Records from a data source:

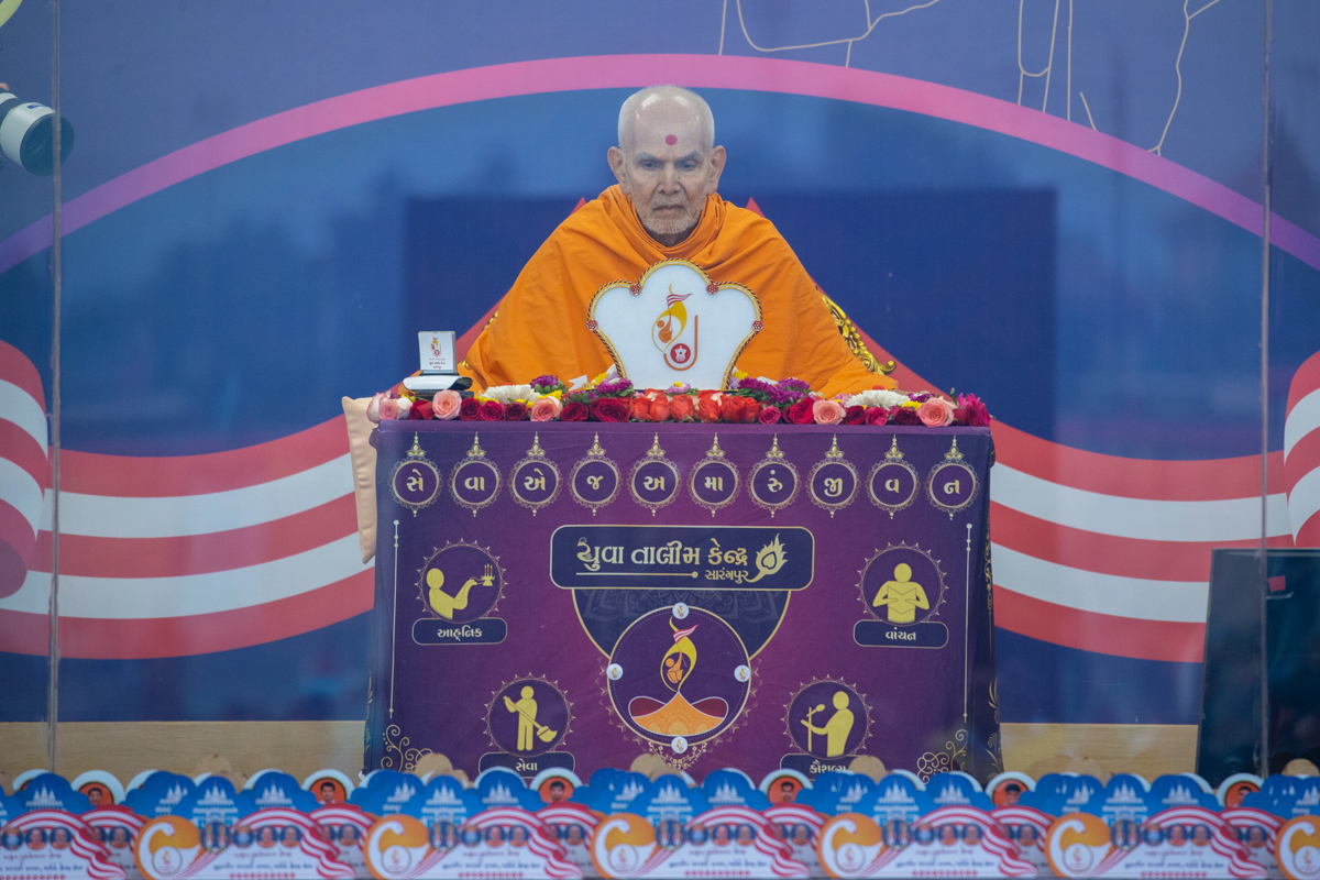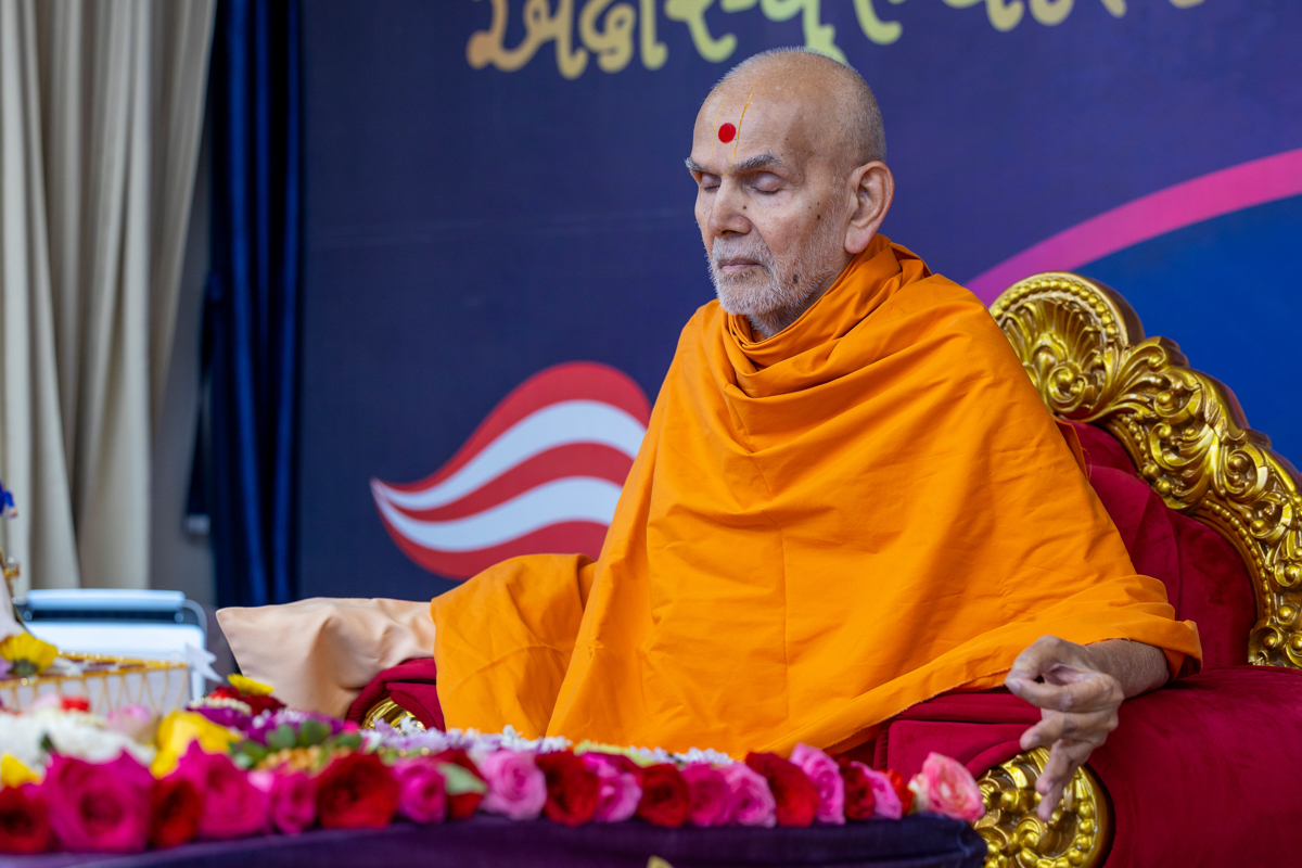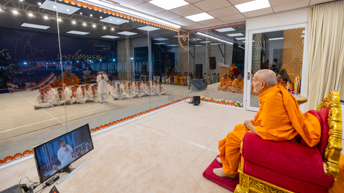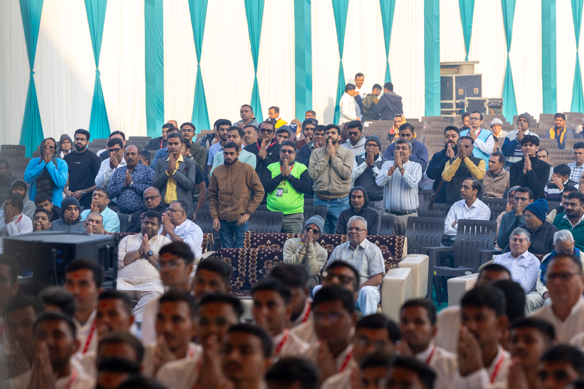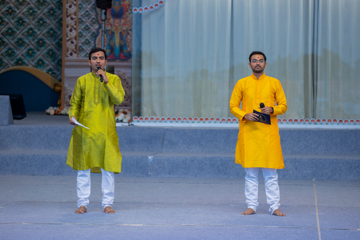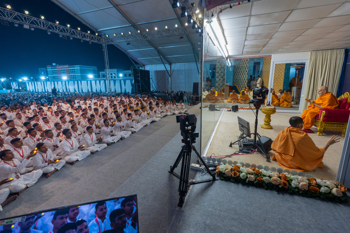 Yuvaks lead everyone in reciting the sadhana mantra and daily prayer in Swamishri's puja
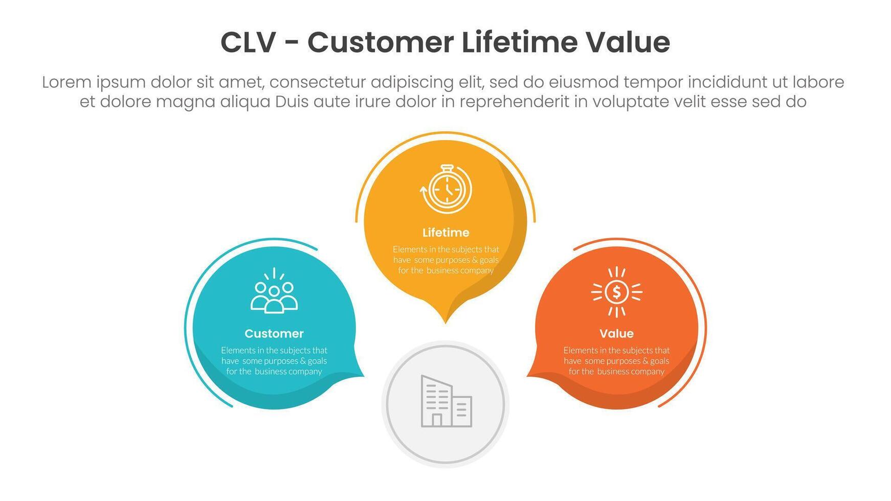 CLV customer lifetime value infographic 3 point with circle callout comment shape for slide presentation vector
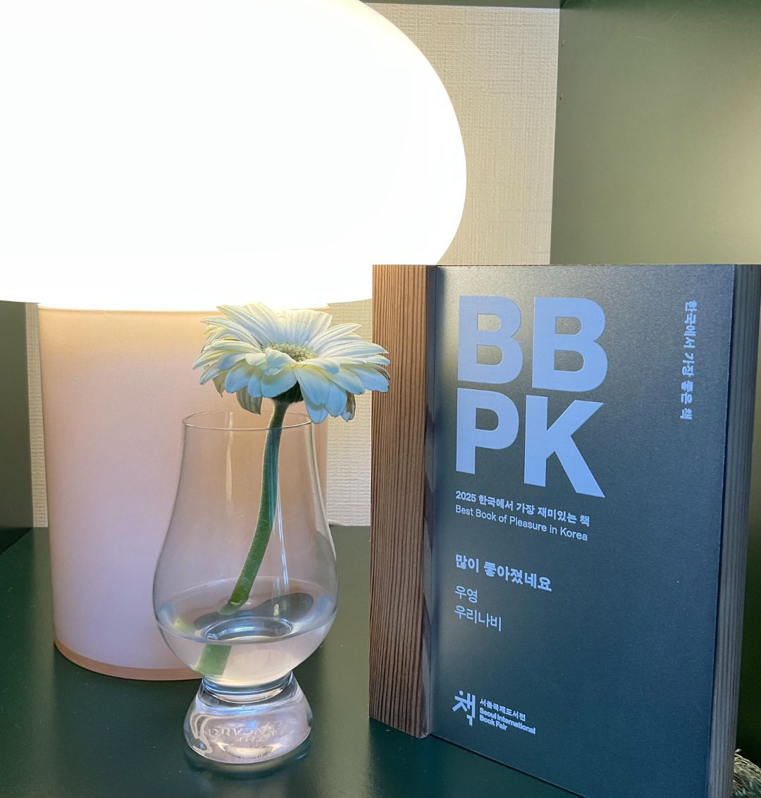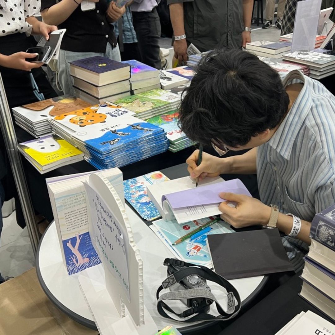 오후 4시, <우리나비> 출판사 부스 M34에 도착했다. 큼지막하게 인쇄된 현수막과 책들로 둘러싸인 작은 공간, 그 안에서 조용히 사인회를 열었다. 대형 출판사들이 쌓은 크고 화려한 성들을 지나 도착한 변방의 작은 천막들. 국제도서전의 성주들이 앞다투어 뽐내는 위세를 넘어, 외곽에는 소규모 출판사의 천막들로 이루어진 마을이 있다. 책 한 권의 크기는 평등한 거 같지만, 그것을 매대에 올리기 위한 기획과 디자인은 철저히 자본과 비례한다. 화려한 팝업 스토어와 굳즈를 자랑하는 분위기 너머, 책만으로 독자의 눈길을 사로잡기란 쉽지 않다. 그래도 골목을 누비며 새로운 책을 탐색하는 독자들이 있고, 내향적인 출판인들은 최대한의 용기로 설명을 이어가고, 책은 주인을 찾아간다. 조촐한 사인회에 일부러 찾아와 준 독자에게 주섬주섬 싸인과 가져온 일러스트를 건네드렸다. 고마운 일이다. |
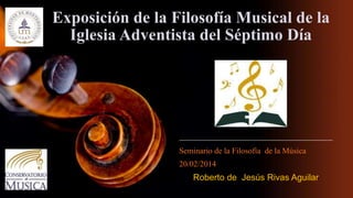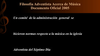 Este documento presenta la filosofía musical de la Iglesia Adventista del Séptimo Día. Expone nueve principios que guían el uso apropiado de la música, tanto sacra como secular, para glorificar a Dios. La música debe ser de alta calidad, equilibrada, y promover el crecimiento espiritual, intelectual y emocional. También debe reflejar valores bíblicos a través de letras y elementos musicales que se unan armoniosamente. La música debe reconocer las contribuciones culturales diversas y mantener un equilib
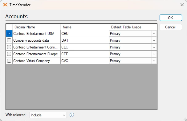 - Select the accounts from which you want to retrieve data. In the With selected list, click Include to use the selected accounts in the data warehouse, or click Exclude to exclude the selected accounts and include all other accounts. The last option is helpful if you frequently add new accounts in Dynamics AX and want to ensure that all accounts are included in the data warehouse as soon as they exist in the ERP system. Note that the exclude option isn't available when you use the OData provider.

» EXERCISE PROMPT
Your answer must be the exact lines from the start of the data through the line with "오후 4시, <우리나비>", inclusive, and nothing else; pictures do not belong in it.

» SOLUTION FOR THIS TASK
 Yuvaks lead everyone in reciting the sadhana mantra and daily prayer in Swamishri's puja
 CLV customer lifetime value infographic 3 point with circle callout comment shape for slide presentation vector
 오후 4시, <우리나비> 출판사 부스 M34에 도착했다. 큼지막하게 인쇄된 현수막과 책들로 둘러싸인 작은 공간, 그 안에서 조용히 사인회를 열었다. 대형 출판사들이 쌓은 크고 화려한 성들을 지나 도착한 변방의 작은 천막들. 국제도서전의 성주들이 앞다투어 뽐내는 위세를 넘어, 외곽에는 소규모 출판사의 천막들로 이루어진 마을이 있다. 책 한 권의 크기는 평등한 거 같지만, 그것을 매대에 올리기 위한 기획과 디자인은 철저히 자본과 비례한다. 화려한 팝업 스토어와 굳즈를 자랑하는 분위기 너머, 책만으로 독자의 눈길을 사로잡기란 쉽지 않다. 그래도 골목을 누비며 새로운 책을 탐색하는 독자들이 있고, 내향적인 출판인들은 최대한의 용기로 설명을 이어가고, 책은 주인을 찾아간다. 조촐한 사인회에 일부러 찾아와 준 독자에게 주섬주섬 싸인과 가져온 일러스트를 건네드렸다. 고마운 일이다. |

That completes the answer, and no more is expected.